*Exercise instructions:*
There are pictures in the records below; leave them out and set down exactly the lines from the one holding "<보기>에 든 ‘국한문" through the one holding "Part of the".

*Source records:*
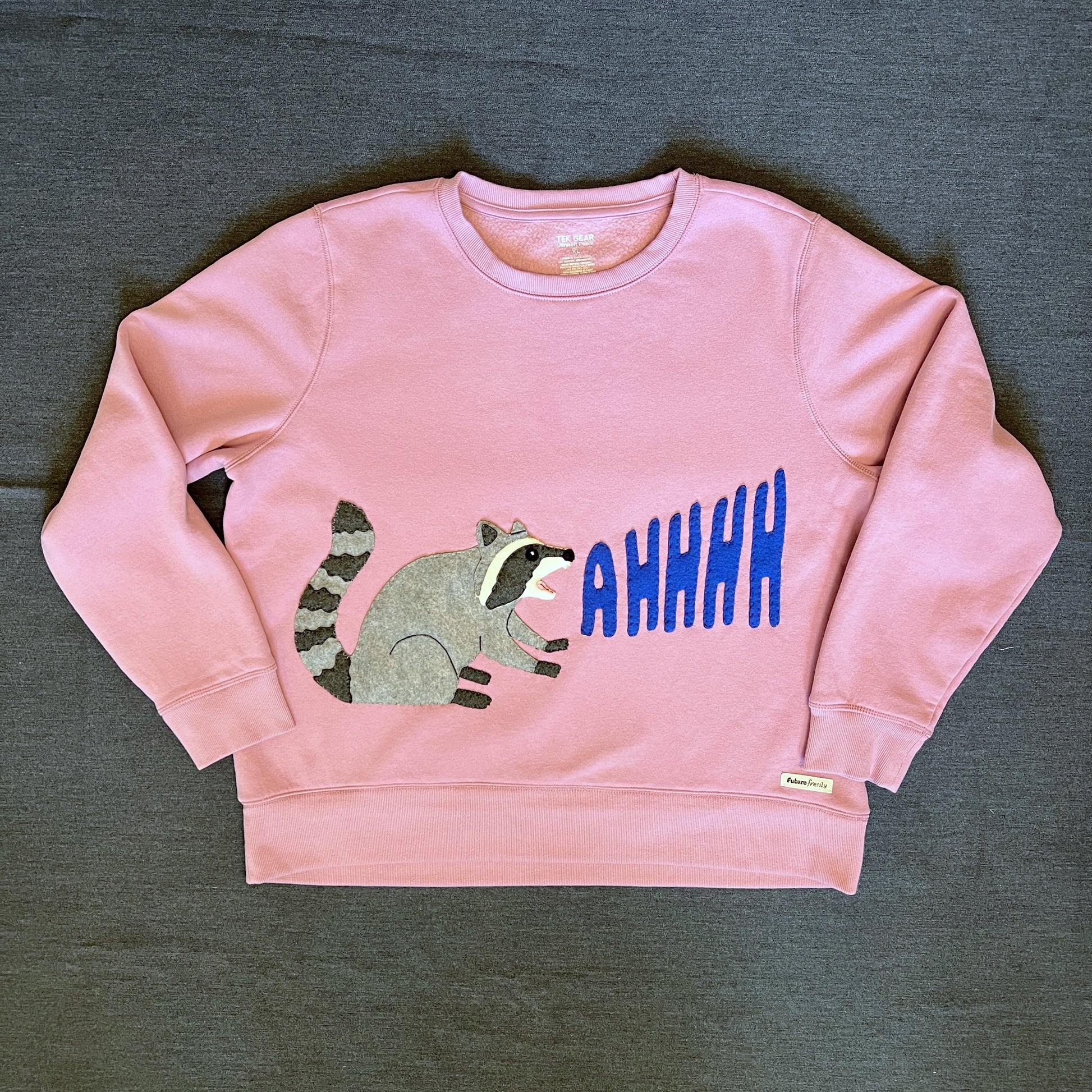 Shirts are secondhand, found in local thrift stores and letters are made from secondhand materials; they are hand cut and hand sewn onto the shirts.
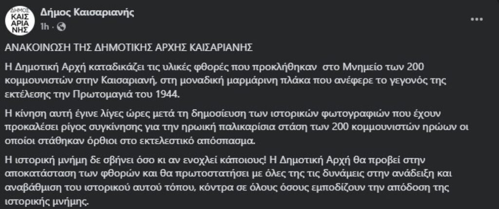 Η Δημοτική Αρχή Καισαριανής εξέδωσε ανακοίνωση με την οποία καταδικάζει απερίφραστα το περιστατικό:«Η Δημοτική Αρχή καταδικάζει τις υλικές φθορές που προκλήθηκαν στο Μνημείο των 200 κομμουνιστών στην Καισαριανή, στη μοναδική μαρμάρινη πλάκα που ανέφερε το γεγονός της εκτέλεσης την Πρωτομαγιά του 1944. Η ιστορική μνήμη δεν σβήνει όσο κι αν ενοχλεί κάποιους.»
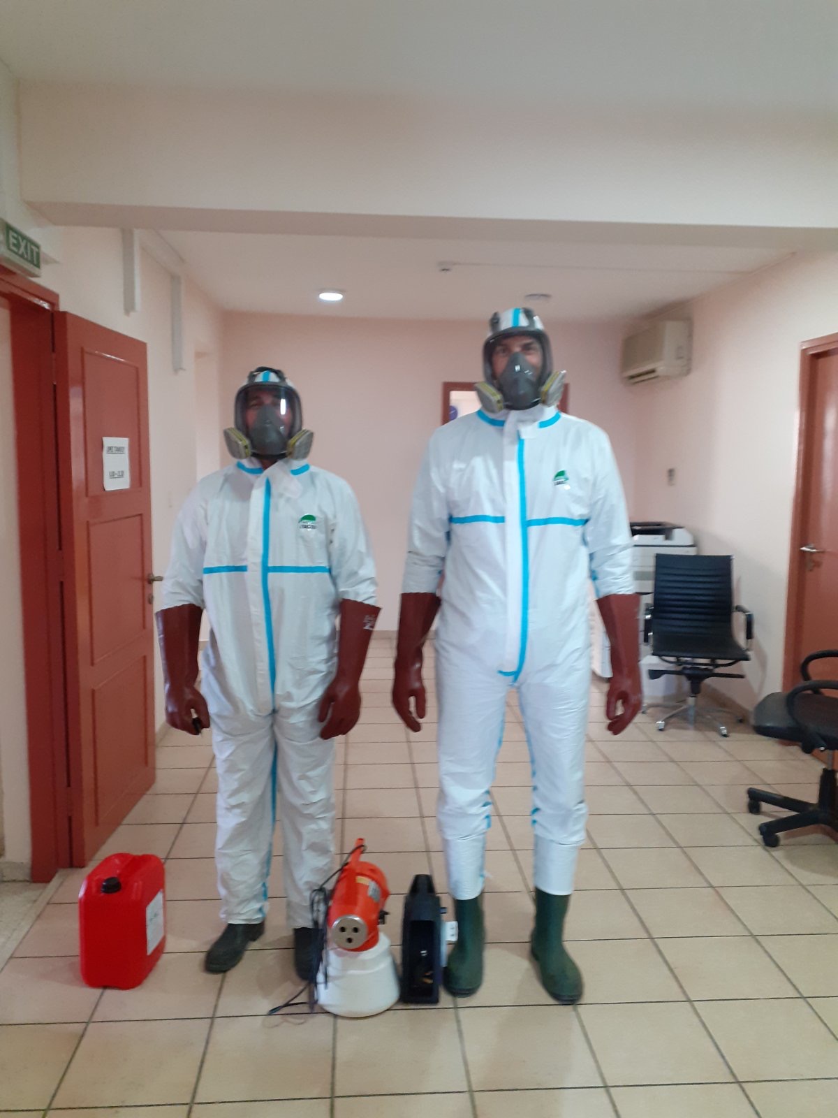 Επίσης, το συνεργείο της Υπηρεσίας προβαίνει σε έκτακτες απολυμάνσεις σε Δημοτικά Κτίρια σε περίπτωση εμφάνισης κρουσμάτων του ιού μεταξύ του προσωπικού του Δήμου.
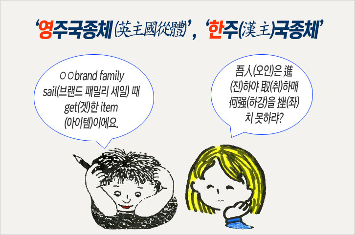 <보기>에 든 ‘국한문 혼용’ 문장은 ‘한문’이 한글’로 변화해가는 과도기적 과정의 모습이다. 그러나 위에 든 문장은 오히려 역의 과정을 밟고 있는 것처럼 보인다. 과장이라고? 멀쩡한 ‘한글’이 자발없이 ‘영자’와 몸을 섞고 있는데 그다음 과정은 불 보듯 뻔하지 않은가.
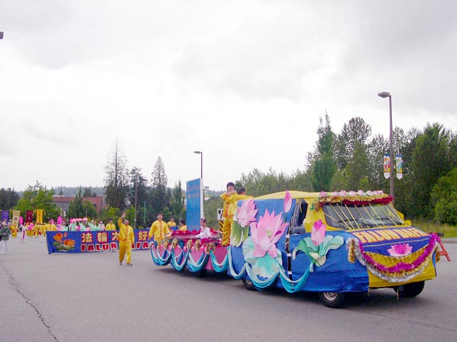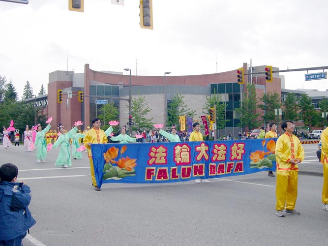 这是加拿大法轮功学员在继参加加拿大温哥华本那比市(Burnaby)的脱帽节游行和加拿大新西敏市(New Westminster)Hyack节后,再次参加的社区游行,把法轮大法的美好殊胜带给那里的人们。
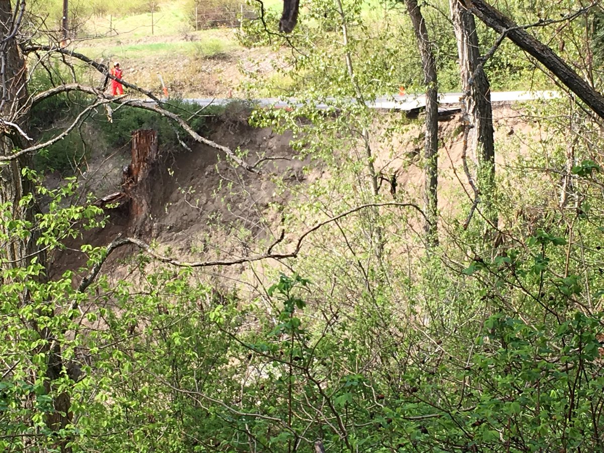 Part of the road, on the west side of Okanagan Lake, caved in around 9:30 a.m. Tuesday, but problems were identified on Monday.
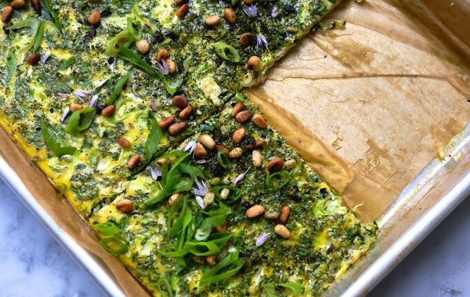 If you have a rimmed baking sheet, preferably the quarter pan size (13 x 9 x 1 inches), some parchment paper and a carton of eggs, you’re in business. To make a sheet pan frittata, line the pan with parchment paper, whisk a bunch of eggs together with a bit of cream, and add in whatever seasonal ingredients you like. If you love cheese and eggs, add some crumbled feta or goat cheese as well. Or grate some gruyere on top once the egg mixture is in the pan.
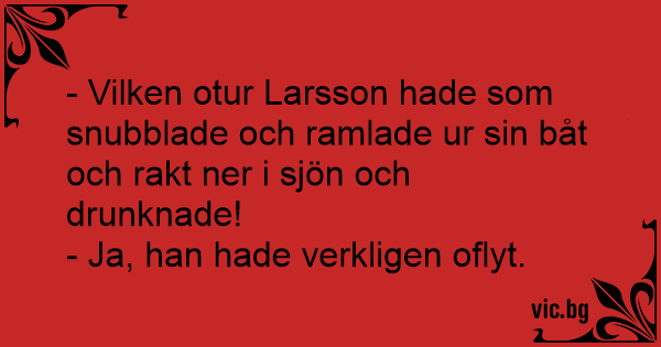 - Vilken otur Larsson hade som snubblade och ramlade ur sin båt och rakt ner i sjön och drunknade!
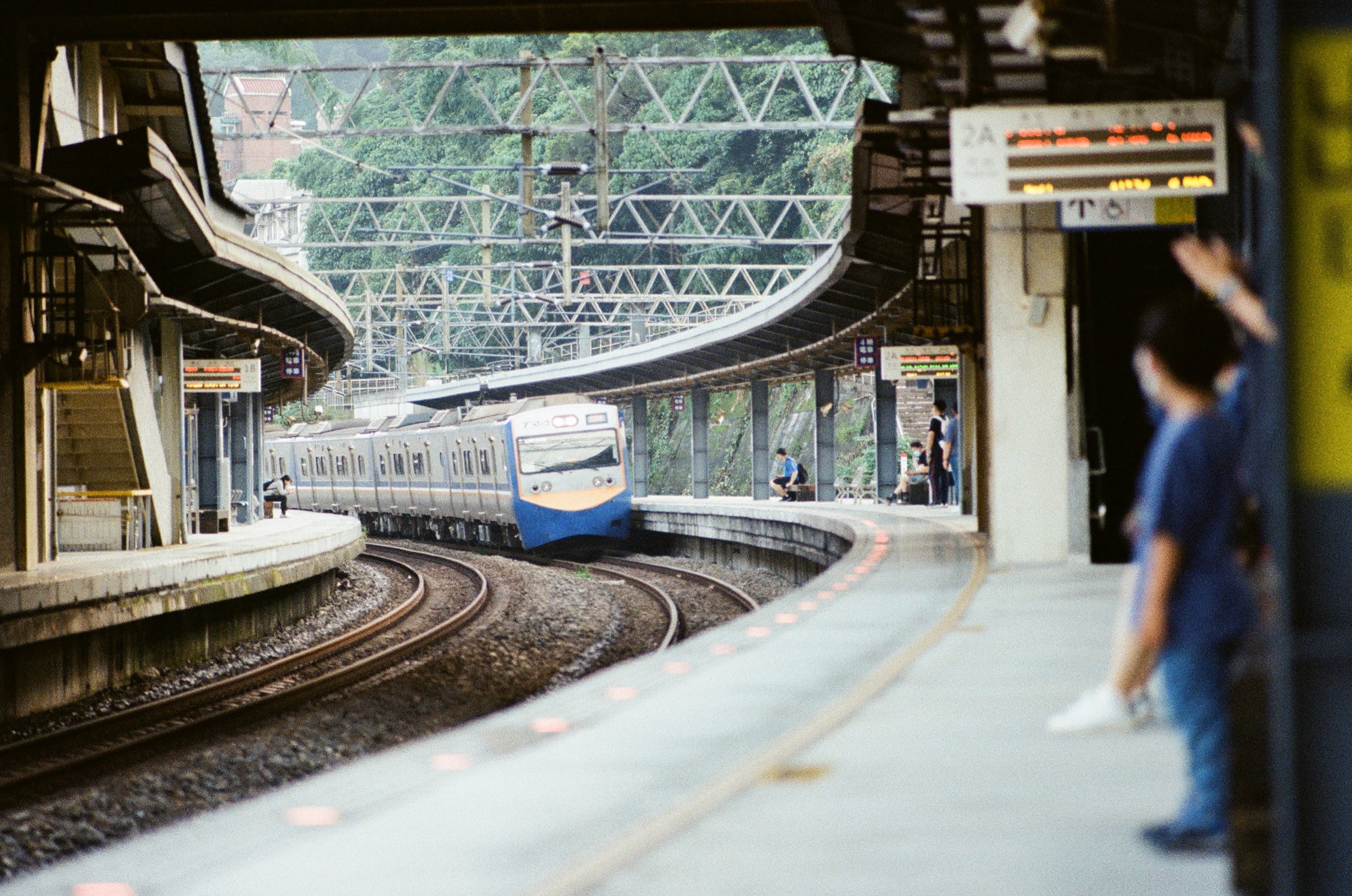 下課後,帶兒子去南樹林火車站看火車,這邊的站務人員都很友善。Olympus 135mm f2.8(1/1000s,f2.8)

*Your response:*
 <보기>에 든 ‘국한문 혼용’ 문장은 ‘한문’이 한글’로 변화해가는 과도기적 과정의 모습이다. 그러나 위에 든 문장은 오히려 역의 과정을 밟고 있는 것처럼 보인다. 과장이라고? 멀쩡한 ‘한글’이 자발없이 ‘영자’와 몸을 섞고 있는데 그다음 과정은 불 보듯 뻔하지 않은가.
 这是加拿大法轮功学员在继参加加拿大温哥华本那比市(Burnaby)的脱帽节游行和加拿大新西敏市(New Westminster)Hyack节后,再次参加的社区游行,把法轮大法的美好殊胜带给那里的人们。
 Part of the road, on the west side of Okanagan Lake, caved in around 9:30 a.m. Tuesday, but problems were identified on Monday.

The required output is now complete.